§ Work instruction: Would you transcribe the line that holds "Rozvod se ženskou", plus every line beneath it through the end of the data, exactly and with nothing added?

(Stored records)
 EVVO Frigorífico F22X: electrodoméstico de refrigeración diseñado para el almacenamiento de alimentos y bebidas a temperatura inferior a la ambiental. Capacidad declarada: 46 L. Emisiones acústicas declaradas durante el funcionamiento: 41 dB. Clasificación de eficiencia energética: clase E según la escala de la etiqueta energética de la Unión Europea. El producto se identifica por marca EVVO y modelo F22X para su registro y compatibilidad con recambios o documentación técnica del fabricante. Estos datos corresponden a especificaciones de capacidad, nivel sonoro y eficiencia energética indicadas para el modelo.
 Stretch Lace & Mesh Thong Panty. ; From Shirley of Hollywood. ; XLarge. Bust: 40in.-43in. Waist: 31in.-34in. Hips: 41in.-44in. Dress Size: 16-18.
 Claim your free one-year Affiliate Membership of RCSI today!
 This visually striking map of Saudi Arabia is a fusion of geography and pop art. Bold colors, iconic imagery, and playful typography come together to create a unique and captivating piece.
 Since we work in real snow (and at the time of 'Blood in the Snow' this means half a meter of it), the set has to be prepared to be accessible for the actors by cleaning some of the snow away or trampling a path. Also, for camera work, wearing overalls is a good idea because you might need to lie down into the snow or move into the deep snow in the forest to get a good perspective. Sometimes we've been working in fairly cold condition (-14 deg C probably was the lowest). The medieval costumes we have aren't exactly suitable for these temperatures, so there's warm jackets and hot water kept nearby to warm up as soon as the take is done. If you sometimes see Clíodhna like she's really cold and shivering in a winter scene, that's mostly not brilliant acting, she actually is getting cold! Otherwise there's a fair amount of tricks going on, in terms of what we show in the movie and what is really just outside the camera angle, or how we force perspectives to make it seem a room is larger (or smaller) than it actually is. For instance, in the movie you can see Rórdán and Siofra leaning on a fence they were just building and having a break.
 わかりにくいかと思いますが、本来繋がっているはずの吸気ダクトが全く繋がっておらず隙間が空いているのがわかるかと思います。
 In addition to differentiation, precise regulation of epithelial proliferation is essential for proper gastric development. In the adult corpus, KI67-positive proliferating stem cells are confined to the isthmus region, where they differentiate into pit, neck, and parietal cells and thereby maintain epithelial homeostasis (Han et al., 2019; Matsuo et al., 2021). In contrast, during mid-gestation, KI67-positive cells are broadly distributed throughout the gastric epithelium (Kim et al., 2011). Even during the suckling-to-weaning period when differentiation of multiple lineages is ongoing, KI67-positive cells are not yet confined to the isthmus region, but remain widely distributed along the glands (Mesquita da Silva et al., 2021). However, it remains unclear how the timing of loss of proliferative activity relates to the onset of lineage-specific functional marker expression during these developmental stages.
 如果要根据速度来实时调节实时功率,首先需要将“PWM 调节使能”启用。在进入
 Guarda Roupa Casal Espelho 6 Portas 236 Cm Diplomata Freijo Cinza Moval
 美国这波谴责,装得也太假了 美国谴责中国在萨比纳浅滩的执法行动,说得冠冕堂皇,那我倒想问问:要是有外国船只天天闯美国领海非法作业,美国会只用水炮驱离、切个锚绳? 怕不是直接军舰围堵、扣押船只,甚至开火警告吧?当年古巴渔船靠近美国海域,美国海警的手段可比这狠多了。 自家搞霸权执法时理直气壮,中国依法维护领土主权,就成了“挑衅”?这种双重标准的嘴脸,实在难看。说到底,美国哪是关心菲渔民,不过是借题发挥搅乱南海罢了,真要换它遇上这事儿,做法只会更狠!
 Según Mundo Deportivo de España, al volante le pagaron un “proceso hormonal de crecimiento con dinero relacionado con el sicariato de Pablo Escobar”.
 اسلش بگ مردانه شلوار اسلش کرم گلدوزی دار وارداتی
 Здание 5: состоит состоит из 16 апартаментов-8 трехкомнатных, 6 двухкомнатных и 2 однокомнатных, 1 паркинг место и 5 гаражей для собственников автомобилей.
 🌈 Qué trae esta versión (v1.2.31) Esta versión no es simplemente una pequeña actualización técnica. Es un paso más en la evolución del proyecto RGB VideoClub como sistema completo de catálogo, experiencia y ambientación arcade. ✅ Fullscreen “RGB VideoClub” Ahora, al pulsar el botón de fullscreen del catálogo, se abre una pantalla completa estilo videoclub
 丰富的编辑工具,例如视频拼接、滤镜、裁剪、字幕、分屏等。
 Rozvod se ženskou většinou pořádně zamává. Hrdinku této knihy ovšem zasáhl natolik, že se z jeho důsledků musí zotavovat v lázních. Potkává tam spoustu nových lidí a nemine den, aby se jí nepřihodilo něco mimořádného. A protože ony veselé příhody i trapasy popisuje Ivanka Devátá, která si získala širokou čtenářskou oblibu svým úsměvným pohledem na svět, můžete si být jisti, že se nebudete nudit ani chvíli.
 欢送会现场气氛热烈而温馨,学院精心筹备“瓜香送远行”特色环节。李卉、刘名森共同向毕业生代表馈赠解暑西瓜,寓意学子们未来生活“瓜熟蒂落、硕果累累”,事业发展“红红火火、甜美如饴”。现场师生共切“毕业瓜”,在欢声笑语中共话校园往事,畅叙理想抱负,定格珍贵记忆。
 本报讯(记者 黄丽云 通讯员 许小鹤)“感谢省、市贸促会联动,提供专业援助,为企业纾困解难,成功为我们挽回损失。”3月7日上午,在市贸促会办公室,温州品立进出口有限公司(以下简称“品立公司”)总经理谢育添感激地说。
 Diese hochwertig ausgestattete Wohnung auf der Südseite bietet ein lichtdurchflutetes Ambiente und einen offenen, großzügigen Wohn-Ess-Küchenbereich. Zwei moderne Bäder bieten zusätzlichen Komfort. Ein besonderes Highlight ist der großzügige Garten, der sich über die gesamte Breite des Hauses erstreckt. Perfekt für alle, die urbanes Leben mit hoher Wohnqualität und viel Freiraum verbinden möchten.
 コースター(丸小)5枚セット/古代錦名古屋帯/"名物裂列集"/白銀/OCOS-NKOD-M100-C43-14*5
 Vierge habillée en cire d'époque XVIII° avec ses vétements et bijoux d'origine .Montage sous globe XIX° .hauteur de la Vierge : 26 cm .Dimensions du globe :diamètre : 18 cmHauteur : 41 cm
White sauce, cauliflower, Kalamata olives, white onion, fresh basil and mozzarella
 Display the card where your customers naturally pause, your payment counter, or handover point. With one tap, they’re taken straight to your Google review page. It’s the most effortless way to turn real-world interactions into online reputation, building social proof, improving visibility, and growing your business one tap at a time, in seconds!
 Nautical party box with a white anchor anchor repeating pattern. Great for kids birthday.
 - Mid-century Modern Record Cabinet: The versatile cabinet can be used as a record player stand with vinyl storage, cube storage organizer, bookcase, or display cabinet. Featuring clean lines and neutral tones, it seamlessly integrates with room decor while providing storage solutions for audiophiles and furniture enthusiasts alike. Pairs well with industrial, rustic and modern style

§ Solution for this exercise:
 Rozvod se ženskou většinou pořádně zamává. Hrdinku této knihy ovšem zasáhl natolik, že se z jeho důsledků musí zotavovat v lázních. Potkává tam spoustu nových lidí a nemine den, aby se jí nepřihodilo něco mimořádného. A protože ony veselé příhody i trapasy popisuje Ivanka Devátá, která si získala širokou čtenářskou oblibu svým úsměvným pohledem na svět, můžete si být jisti, že se nebudete nudit ani chvíli.
 欢送会现场气氛热烈而温馨,学院精心筹备“瓜香送远行”特色环节。李卉、刘名森共同向毕业生代表馈赠解暑西瓜,寓意学子们未来生活“瓜熟蒂落、硕果累累”,事业发展“红红火火、甜美如饴”。现场师生共切“毕业瓜”,在欢声笑语中共话校园往事,畅叙理想抱负,定格珍贵记忆。
 本报讯(记者 黄丽云 通讯员 许小鹤)“感谢省、市贸促会联动,提供专业援助,为企业纾困解难,成功为我们挽回损失。”3月7日上午,在市贸促会办公室,温州品立进出口有限公司(以下简称“品立公司”)总经理谢育添感激地说。
 Diese hochwertig ausgestattete Wohnung auf der Südseite bietet ein lichtdurchflutetes Ambiente und einen offenen, großzügigen Wohn-Ess-Küchenbereich. Zwei moderne Bäder bieten zusätzlichen Komfort. Ein besonderes Highlight ist der großzügige Garten, der sich über die gesamte Breite des Hauses erstreckt. Perfekt für alle, die urbanes Leben mit hoher Wohnqualität und viel Freiraum verbinden möchten.
 コースター(丸小)5枚セット/古代錦名古屋帯/"名物裂列集"/白銀/OCOS-NKOD-M100-C43-14*5
 Vierge habillée en cire d'époque XVIII° avec ses vétements et bijoux d'origine .Montage sous globe XIX° .hauteur de la Vierge : 26 cm .Dimensions du globe :diamètre : 18 cmHauteur : 41 cm
White sauce, cauliflower, Kalamata olives, white onion, fresh basil and mozzarella
 Display the card where your customers naturally pause, your payment counter, or handover point. With one tap, they’re taken straight to your Google review page. It’s the most effortless way to turn real-world interactions into online reputation, building social proof, improving visibility, and growing your business one tap at a time, in seconds!
 Nautical party box with a white anchor anchor repeating pattern. Great for kids birthday.
 - Mid-century Modern Record Cabinet: The versatile cabinet can be used as a record player stand with vinyl storage, cube storage organizer, bookcase, or display cabinet. Featuring clean lines and neutral tones, it seamlessly integrates with room decor while providing storage solutions for audiophiles and furniture enthusiasts alike. Pairs well with industrial, rustic and modern style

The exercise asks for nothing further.